© REBECCA STUMPFAfter a childhood spent moving about the U.S., Gia Voeltz left her teenage home of Binghamton, New York, for the West Coast to start her undergraduate studies. Three years later, as a senior at the University of California (UC), Santa Cruz in 1993, she discovered her passion for lab research while studying RNA splicing under Manuel Ares.
In 1995, Voeltz moved to Yale University for a PhD in Joan Steitz’s lab. Using Xenopus egg extracts, she was able to show that posttranslational RNA decay was turned on in sequential steps during early frog development. Voeltz also discovered a new poly(A) binding protein, called ePAB, which regulates translation.1
As a PhD student, Voeltz attended a talk at Yale by cell biologist Tom Rapoport of Harvard University. At the end of the talk, Rapoport mentioned a new project to study how organelles form. “How can...
Rapoport took her on as a postdoc in 2001 to work on endoplasmic reticulum (ER) formation. After a few false starts—“I basically purified salt for three years”—Voeltz discovered the key role of a reticulon protein in shaping the structure of the tubular ER.2 She induced membrane vesicles from Xenopus egg extracts to form a tubular ER network, and while looking for the underlying molecular mechanism, she found a nonspecific inhibitor that could stop the reaction at low concentrations. When Voeltz tagged the inhibitor, she observed it binding to a reticulon. The study redefined the role of the protein family, which was previously thought to regulate axon formation in neurons.

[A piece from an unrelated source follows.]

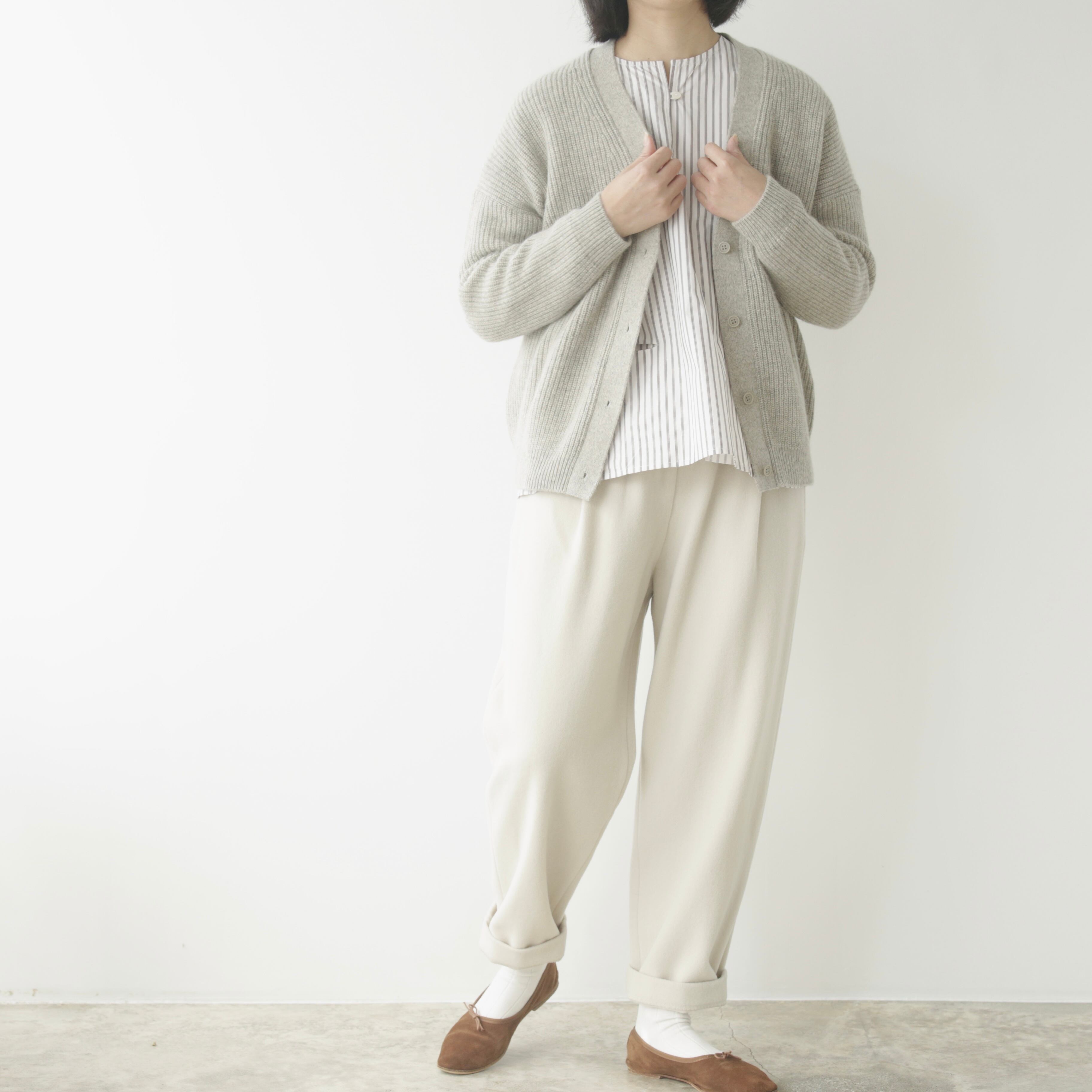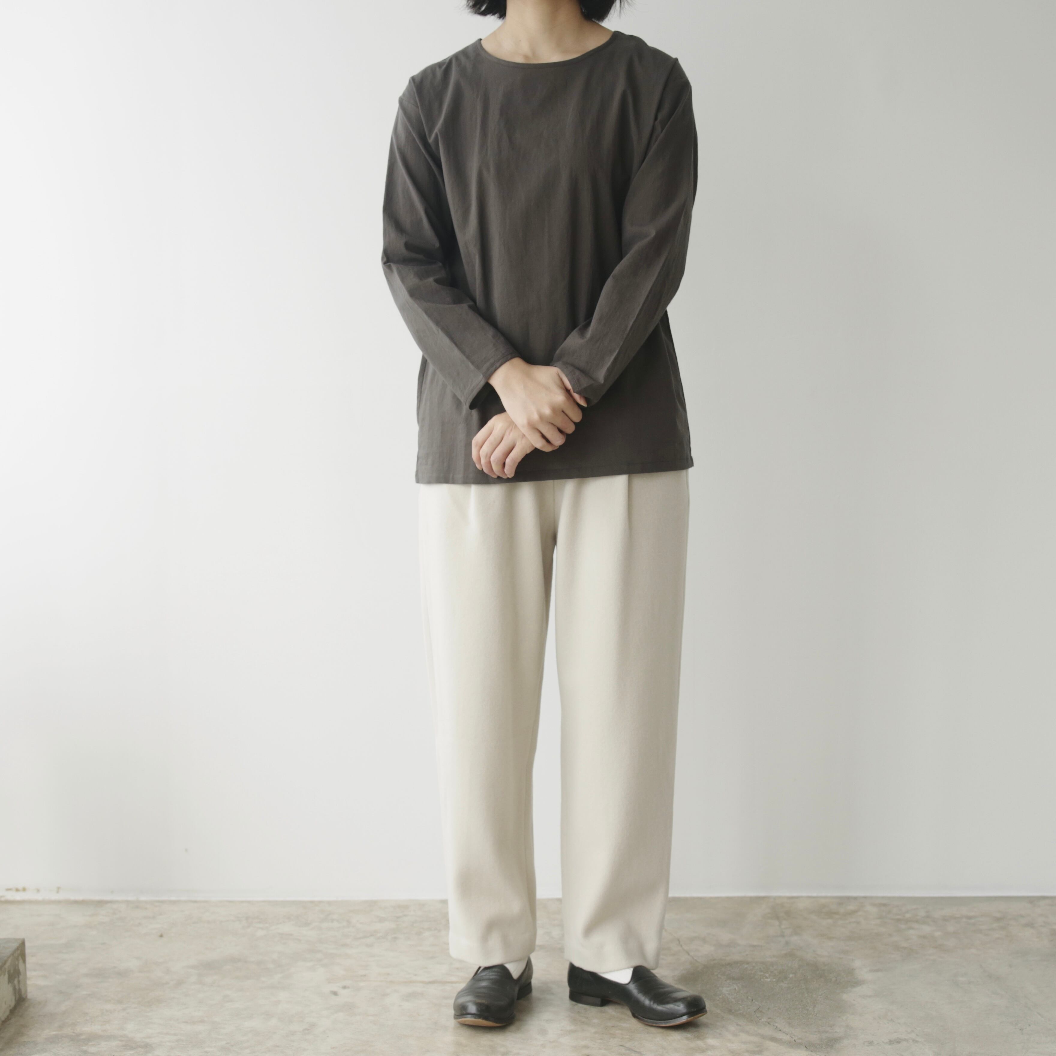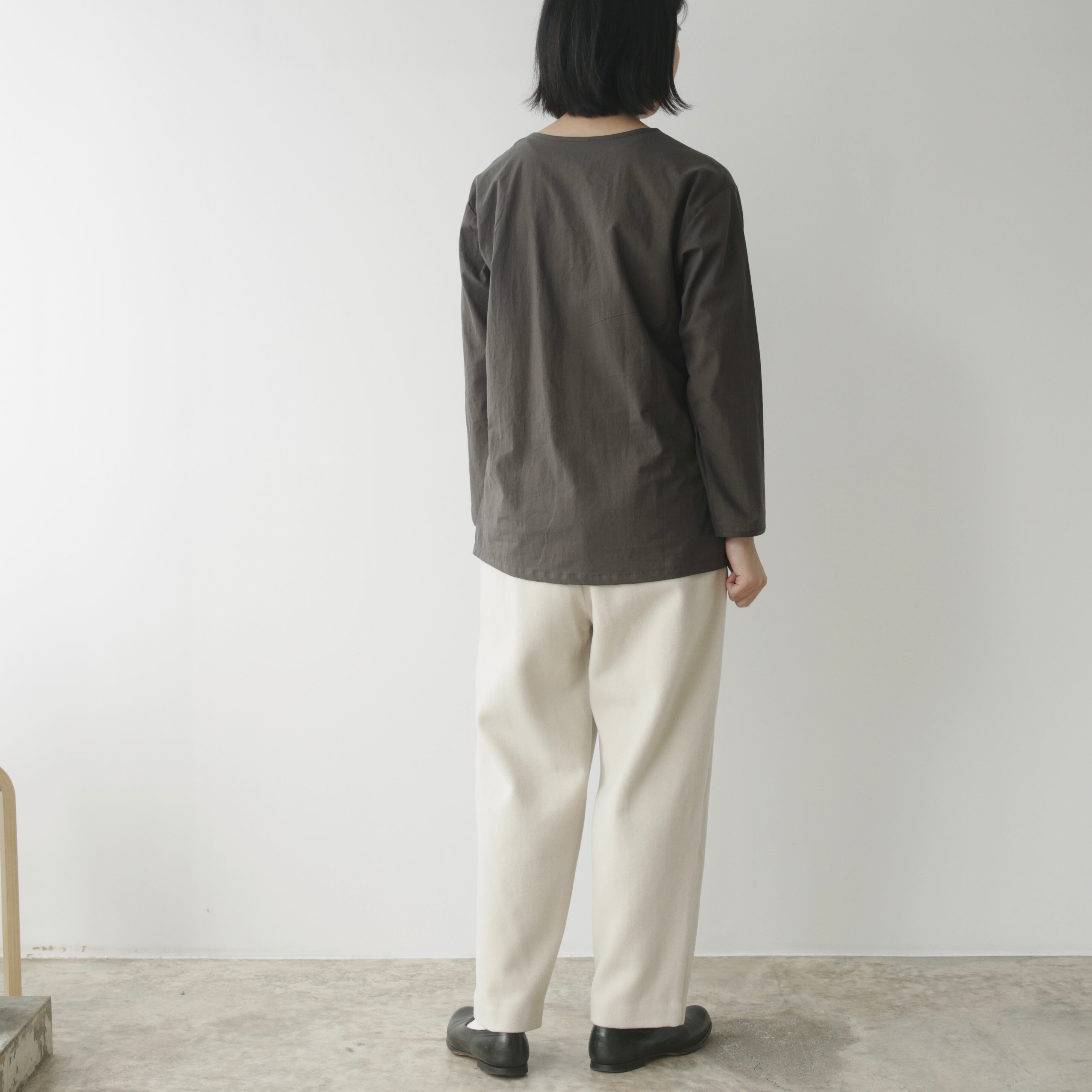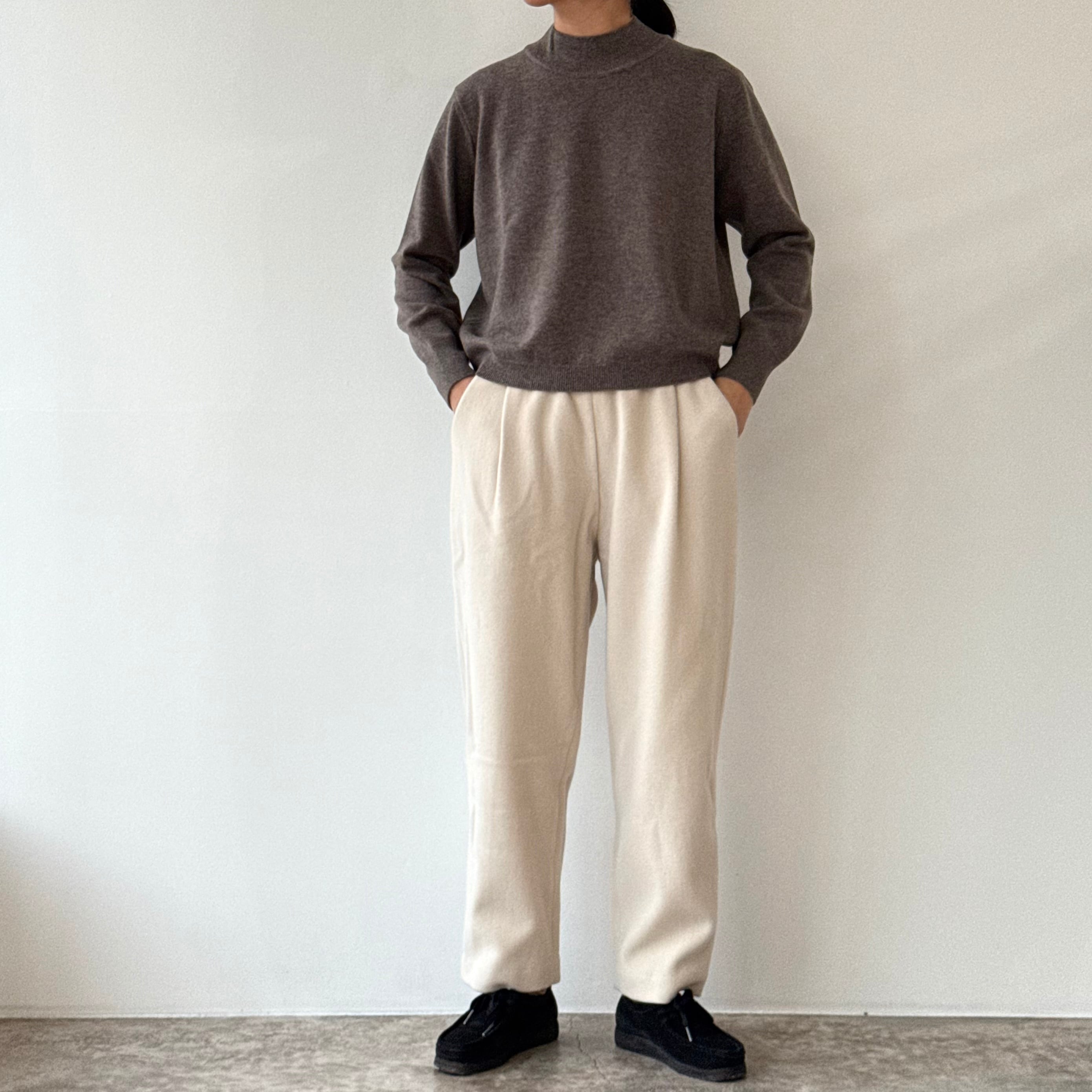 削ぎ落としたデザインの中に、余白とわずかな色気が生まれ、穿く人の佇まいを静かに引き立てます。同素材のコートと合わせたセットアップはもちろん、ざっくりとしたニットを合わせてもバランスよくまとまる。

Voeltz moved to the University of Colorado, Boulder, in 2006, planning to continue studying how reticulons dictated ER shape. She quickly deviated, however, after observing the 3-D structure of ER in yeast cells extending like a spiderweb throughout the cell. “It’s all over the place,” says Voeltz. “We pretty much had to solve the structure of all of the other organelles around it to figure out what was ER and what was something else.”3
When her team imaged multiple organelles at the same time, Voeltz saw ER tubules constricting mitochondria like lassoes. “It was literally a picture that got us thinking that might be where the mitochondrial division assembles,” she says. Voeltz’s team, working with researchers from UC Davis, demonstrated that the ER regulates the position of mitochondrial division.4 “Some people, you start a collaboration and there can be some tension with them,” says Jodi Nunnari, a UC Davis cell biologist who’s worked with Voeltz. “That never happened with Gia. It’s pretty amazing.”

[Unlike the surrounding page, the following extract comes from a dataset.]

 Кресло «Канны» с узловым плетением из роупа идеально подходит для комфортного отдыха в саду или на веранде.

Voeltz’s lab then showed that the ER also plays a role in endosome fission.5 “Gia’s really involved. Her door is always open,” says Ashley Rowland, Voeltz’s recently graduated PhD student who led the endosome project. “She always gave me opportunities to grow.”
Now, Voeltz is focusing on the functional aspects of contact sites between the ER, mitochondria, and endosomes, as well as exploring the ways viruses might interact with the ER. “Organelles have been studied for years and all of a sudden you have these contact sites. For a cell biologist, that’s exciting,” says Voeltz. “You can take machinery from the ER and the mitochondria, and now you can do something that neither organelle can do by itself. That’s what we’re trying to uncover.”
References
- G.K. Voeltz et al., “A novel embryonic poly(A) binding protein, ePAB, regulates mRNA deadenylation in Xenopus egg extracts,” Genes Dev, 15:774-88, 2001. (Cited 109 times)
- G.K. Voeltz et al., “A class of membrane proteins shaping the tubular endoplasmic reticulum,” Cell, 124:573-86, 2006. (Cited 564 times)
- M. West et al., “A 3-D analysis of yeast ER structure reveals how ER domains are organized by membrane curvature,” J Cell Biol, 193:333-46, 2011. (Cited 111 times)
- J.R. Friedman et al., “ER tubules mark sites of mitochondrial division,” Science, 334:358-62, 2011. (Cited 357 times)
- A.A. Rowland et al., “ER contact sites define the position and timing of endosome fission,” Cell, 159:1027-41, 2014. (Cited 15 times)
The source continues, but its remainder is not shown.